Six hours later, slumped at a table in the far corner of the hotel bar, a bleary-eyed Moon watched Arthur Barge shamble amiably past. The detective crooked his little finger and beckoned him across. “Mr. Barge?”
The human toby jug beamed. “Good evening to you.” He walked across to Moon, tripping over a stray barstool as he did so.
“I’ve been meaning,” Moon said with that ponderous solemnity unique to the seriously drunk, “to have a word with you.”
“I suppose this is about me and Mrs. G. She’s a wonderful woman, sir. A real lady. Frisky like, though, when she wants to be.”
Moon steepled his fingers. “Mr. Barge, Mrs. Grossmith has given me years of faithful service. I am not entirely without feeling and I’ve no wish — to dabble for a moment in the vernacular — to see you break her heart.”
Barge chuckled. “Are you asking me if my intentions are honorable?”
“Yes,” Moon said, unsmiling. “How did you know?”
Barge blustered, “Rest assured. I’ll do right by her.”
Moon finished the last of his drink. “You’d better. If I find you’ve mistreated her in any way…” He paused, unable to think of a sufficiently menacing threat. “Believe me,” he finished feebly, “I’ll get you.”
Barge looked back, astonished at this sudden burst of aggression so ineptly delivered. “Sorry if I’ve offended you. Really. I don’t know what I’ve done, I’m sure.”
Moon glared impatiently. “I’ll be watching.”
“I love her,” Barge said meekly, then walked to the exit, narrowly avoiding spilling several patrons’ drinks in the process. He struggled with the door, fruitlessly trying to tug it open when it would have submitted to the gentlest of pushes. Only the entrance of the Somnambulist afforded him an opportunity to escape.

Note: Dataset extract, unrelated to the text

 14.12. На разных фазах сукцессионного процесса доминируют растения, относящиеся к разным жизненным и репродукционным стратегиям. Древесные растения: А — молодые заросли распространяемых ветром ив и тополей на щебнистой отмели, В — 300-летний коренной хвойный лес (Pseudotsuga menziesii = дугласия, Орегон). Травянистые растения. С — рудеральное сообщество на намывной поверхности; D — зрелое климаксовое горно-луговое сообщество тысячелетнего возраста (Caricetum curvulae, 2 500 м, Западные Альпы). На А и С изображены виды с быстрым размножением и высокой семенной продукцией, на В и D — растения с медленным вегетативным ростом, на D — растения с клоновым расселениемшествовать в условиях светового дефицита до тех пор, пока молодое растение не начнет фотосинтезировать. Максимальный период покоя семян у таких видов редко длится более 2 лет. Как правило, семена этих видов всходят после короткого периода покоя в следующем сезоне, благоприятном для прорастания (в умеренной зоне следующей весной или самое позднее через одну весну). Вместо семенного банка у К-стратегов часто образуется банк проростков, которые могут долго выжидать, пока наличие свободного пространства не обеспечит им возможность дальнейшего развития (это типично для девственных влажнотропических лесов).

He stopped to whisper his thanks but the giant stomped grumpily past without acknowledging him.
When Moon saw his friend, he groaned and pushed aside a few of the legion of empty glasses lined up before him in a vain attempt to disguise the quantity of his drinking. The Somnambulist, however, was in no mood to be fooled. He pulled a stool up to the table, lowered his vast form upon it and wrote furiously on his blackboard, the ferocious tap of chalk on board sounding to Moon like the dull roar of distant cannon fire.
WARE WERE YOU
Moon squirmed. The Somnambulist gesticulated angrily at the message.
“Out,” Moon said and stumbled to his feet. Faltering, he floundered and, his balance unsteady, fell heavily back onto the chair. The Somnambulist ignored these pratfalls.
CRIBB
“Yes,” Moon admitted, a chink of emotion in his voice.
DONT TRUST
Moon looked up. “You recognize him, don’t you?”
STAY AWAY
“I don’t understand. Why won’t you tell me what you know? Why won’t anyone tell me what they know?”
TRUST ME
Moon sighed.
PLEESE
The Somnambulist frantically underlined the word.

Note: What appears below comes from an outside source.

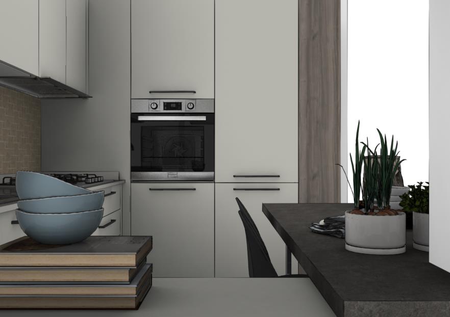 Un armonioso equilibrio tra bianco, alluminio e legno, per una cucina luminosa, ma in grado di trasmettere calore.
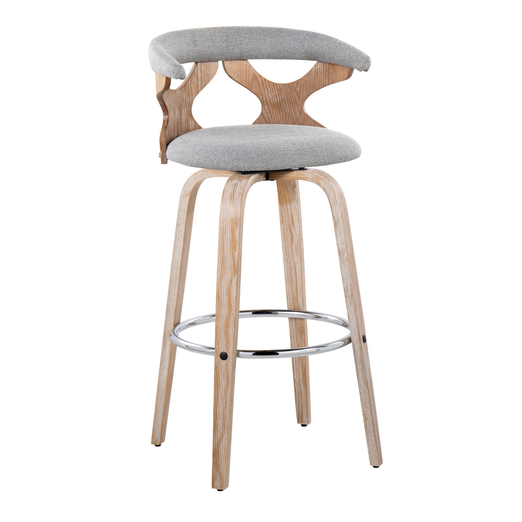 Gardenia - Contemporary Fixed Height Barstool With Swivel With Round Footrest (Set of 2) - White Washed / Gray

Moon clutched his head. “Very well. If it makes you happy. I shan’t see him again.”
The Somnambulist nodded gravely.
“But you promise one day you’ll tell me why?”
The giant shrugged.
“Fine,” spat Moon. “If that’s the best you can do.” And he staggered up and lurched from the room.

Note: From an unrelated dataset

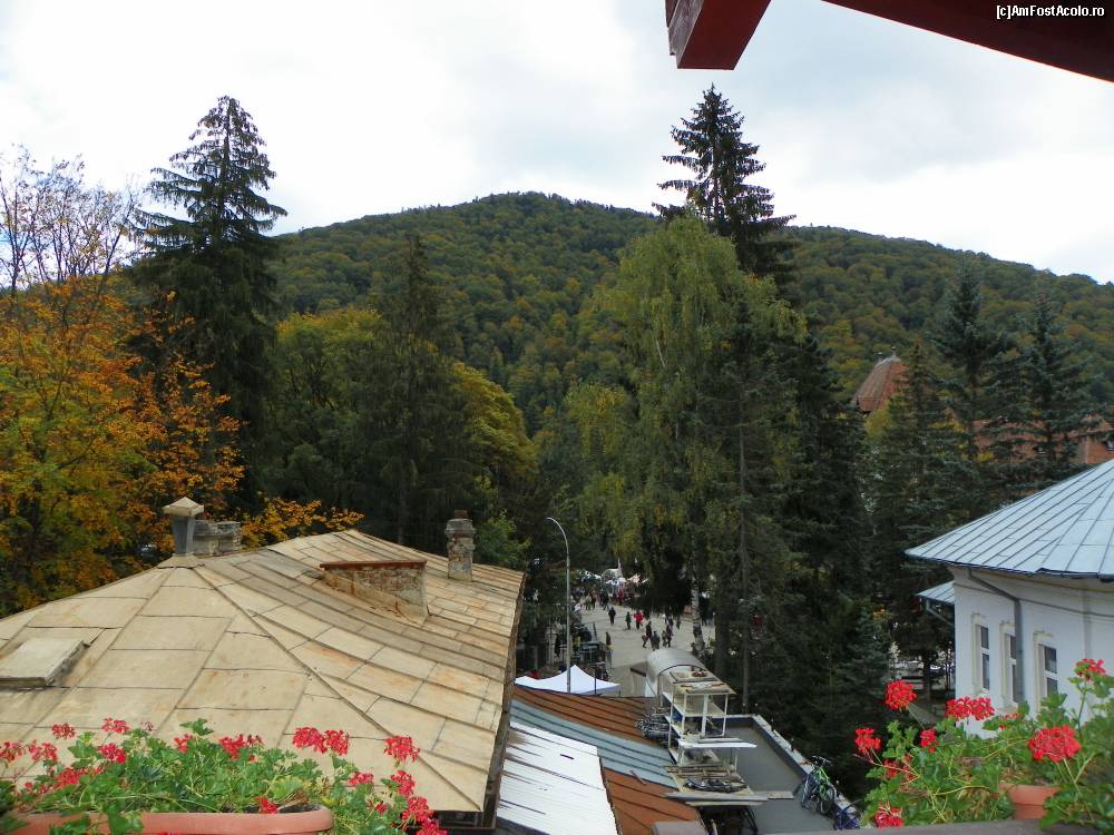 Localizarea pensiunii are priveliste catre gara Sinaia. Este poza facuta cu zoom catre poienita din stanga garii Sinaia. Camera dispune de un balcon mare de unde se pot face poze de peisaj.

Once he got to his suite, in a vain attempt to counteract the effects of the alcohol, her forced himself to consume three glasses of water before collapsing helplessly onto his bed. In the seconds before he passed out he watched, too weak to stir, as Skimpole’s man peered into the room, realized his condition and pulled the door discreetly shut. His last thought was a drunken conviction that the strange events which had filled his life since Cyril Honeyman had fallen from the tower must have a pattern, that they shared some undiscovered connection, were bound together by an invisible plot. He could see only the tiniest part of its design — like looking at a single filament of a spider’s web through a microscope — but he felt certain that all he needed was to step back, gain some perspective and watch as everything came into focus. He tried to keep hold of the idea but he was befuddled by drink and it leapt and wriggled away from him, struggling frantically like a mackerel on a hook until, in the end, he gave in and the darkness came to claim him.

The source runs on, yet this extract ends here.